Hi Shail,
Is the intent to build a new system, or to buy an existing system to handle this? (Do you or the stakeholders know this yet, or is your analysis looking to lead toward a build-vs-buy decision?)
Might be already obvious, but a good approach might be to start collecting the most valuable points they're looking for and start using that as your due dilligence comparison criteria.
* Synch up with your main stakeholders and find out their main usage of the current system, or, what they'd potentially want (e.g. "supports workflow management," "integrates with internal system XYZ," "allows me to map the customer query to the customer service representative who fielded it").
* You're building a list of potential features -- abstract this out to a large functional area that encompasses the type of system they're looking for
* Depending on client's needs and time... iterate through this list a bit (get anything from 5 - 20 main features); list them in terms of priority if you can (either with stakeholder input, or use your own judgement... be sure to back it up!)

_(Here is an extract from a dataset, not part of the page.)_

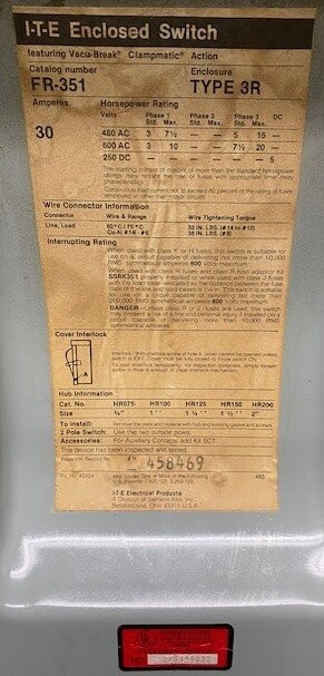 ITE FR351 Type 3R Heavy Duty Vacu-Break Clampmatic Safety Switch

* Use these high-level features as the comparison critiera in a comparison matrix, and come up with a simple scoring method (e.g. "each vendor is scored 1 to 10, where 10 means their product can perfectly support the feature")
* Identify some likely existing systems/vendors out there, and rate them on the high-level features you defined
This could end up producing a "Vendor Comparison Matrix" spreadsheet or slide deck that you can then use for detailed analysis of options.